The DCM anatomical model was built from specific hypotheses about the amygdala and the ventral ACC as key neural structures for the processing and recognition of emotional faces (Adolphs et al., 1999; Broks et al., 1998; Calder et al., 2001; Hornak et al., 2003). A 10 mm sphere ROI was created in the left amygdala by using the local maximum for each participant that was the nearest voxel to the activation peak in the left amygdala defined by the whole group cluster (Supplementary Table 1). For the ventral ACC, a 15 mm sphere ROI was defined using the local maxima for each subject that was the nearest voxel to the activation peak identified by the PPI analysis (see Results section, Analysis of effective connectivity 1: PPIs in the General Linear Model).

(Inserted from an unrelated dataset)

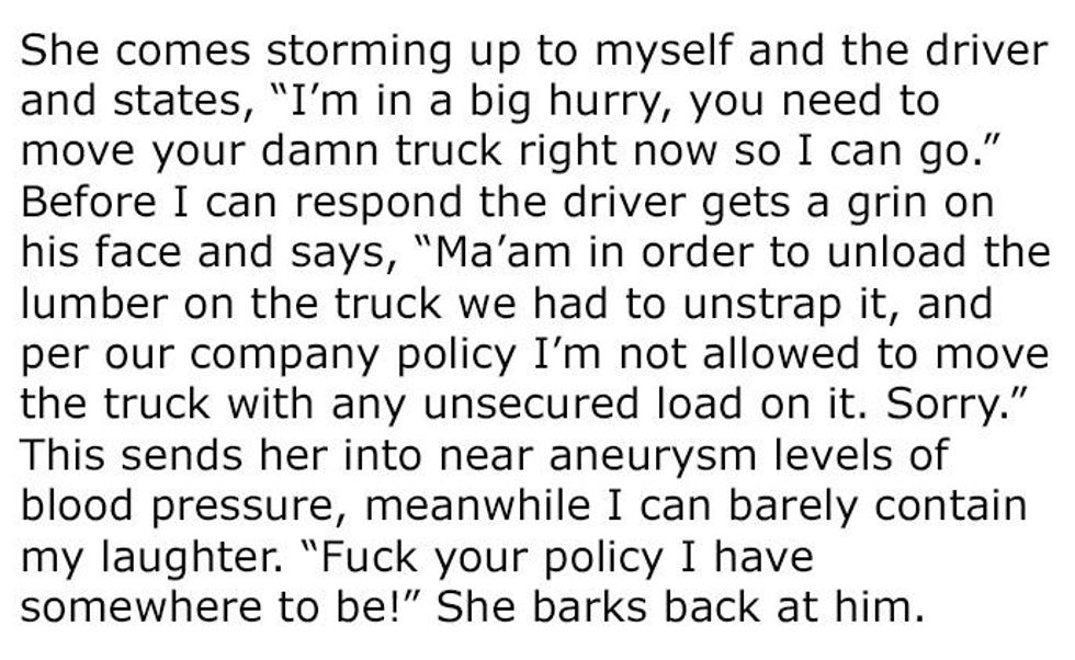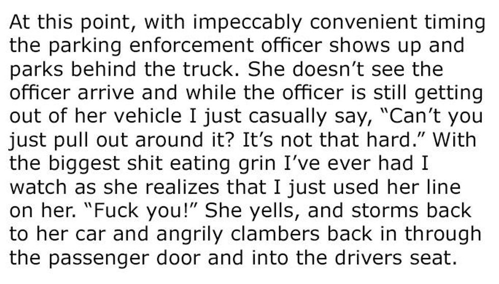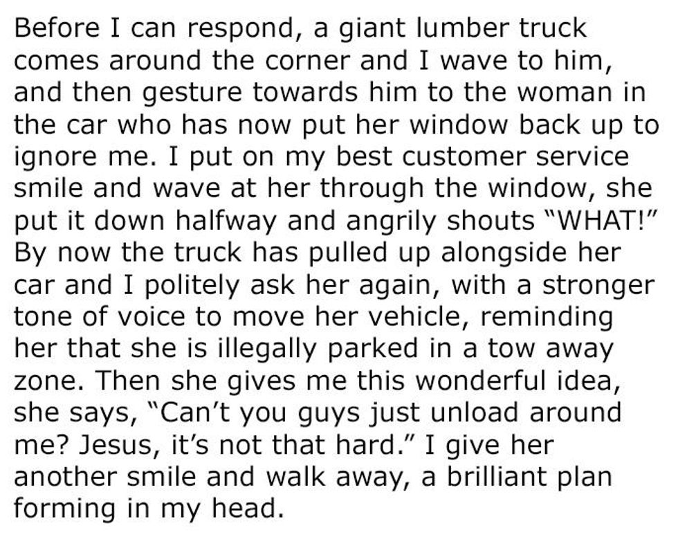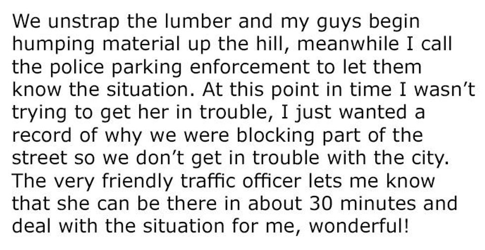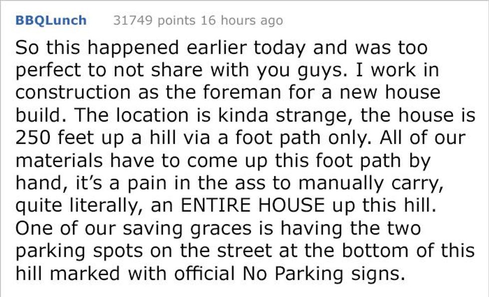 Rude, huh? Not as rude as it soon would become, when the construction worker - known as BBQLunch on Reddit, where the story was told - decided to extract some revenge.

The intrinsic connections (connectivity regardless the main effect of the task, DCM Bilinear matrix A value; see Fig. 2) were modelled as bidirectional in accord with anatomical evidence showing that the ventral ACC projects to the amygdala and vice versa (Aggleton et al., 1980; Amaral and Price, 1984; Ghashghaei et al., 2007; McDonald and Mascagni, 1996).
The modulation by the emotion of faces was included as a bilinear effect expressing the contextual moderator (i.e. anger versus neutral context; DCM Bilinear matrix B value; see Fig. 2). A significant effect of the bilinear variable on connectivity indicates a PPI (Friston et al., 2003).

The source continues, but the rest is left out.